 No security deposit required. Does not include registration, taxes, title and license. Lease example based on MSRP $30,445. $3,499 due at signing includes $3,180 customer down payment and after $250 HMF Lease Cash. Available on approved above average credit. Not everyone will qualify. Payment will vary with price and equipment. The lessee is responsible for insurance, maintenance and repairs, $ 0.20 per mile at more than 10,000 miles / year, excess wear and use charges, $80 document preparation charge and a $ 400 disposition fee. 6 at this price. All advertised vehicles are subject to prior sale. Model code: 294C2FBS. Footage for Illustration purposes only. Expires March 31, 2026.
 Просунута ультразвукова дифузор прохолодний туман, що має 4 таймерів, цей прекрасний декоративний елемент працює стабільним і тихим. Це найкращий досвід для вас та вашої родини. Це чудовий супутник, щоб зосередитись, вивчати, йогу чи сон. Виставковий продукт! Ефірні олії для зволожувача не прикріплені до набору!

--

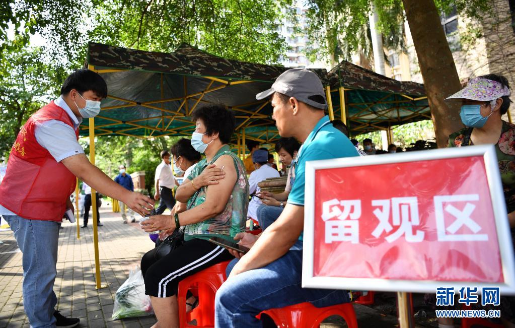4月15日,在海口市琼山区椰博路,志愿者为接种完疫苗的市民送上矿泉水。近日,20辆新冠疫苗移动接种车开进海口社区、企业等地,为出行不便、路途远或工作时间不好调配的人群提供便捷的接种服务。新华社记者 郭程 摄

# [YOUR OBJECTIVE]
Which lines above run from the one containing "No security deposit" down to the one containing "Просунута ультразвукова дифузор"? Repeat exactly those, both ends included, and nothing else.

# [EXERCISE OUTPUT]
 No security deposit required. Does not include registration, taxes, title and license. Lease example based on MSRP $30,445. $3,499 due at signing includes $3,180 customer down payment and after $250 HMF Lease Cash. Available on approved above average credit. Not everyone will qualify. Payment will vary with price and equipment. The lessee is responsible for insurance, maintenance and repairs, $ 0.20 per mile at more than 10,000 miles / year, excess wear and use charges, $80 document preparation charge and a $ 400 disposition fee. 6 at this price. All advertised vehicles are subject to prior sale. Model code: 294C2FBS. Footage for Illustration purposes only. Expires March 31, 2026.
 Просунута ультразвукова дифузор прохолодний туман, що має 4 таймерів, цей прекрасний декоративний елемент працює стабільним і тихим. Це найкращий досвід для вас та вашої родини. Це чудовий супутник, щоб зосередитись, вивчати, йогу чи сон. Виставковий продукт! Ефірні олії для зволожувача не прикріплені до набору!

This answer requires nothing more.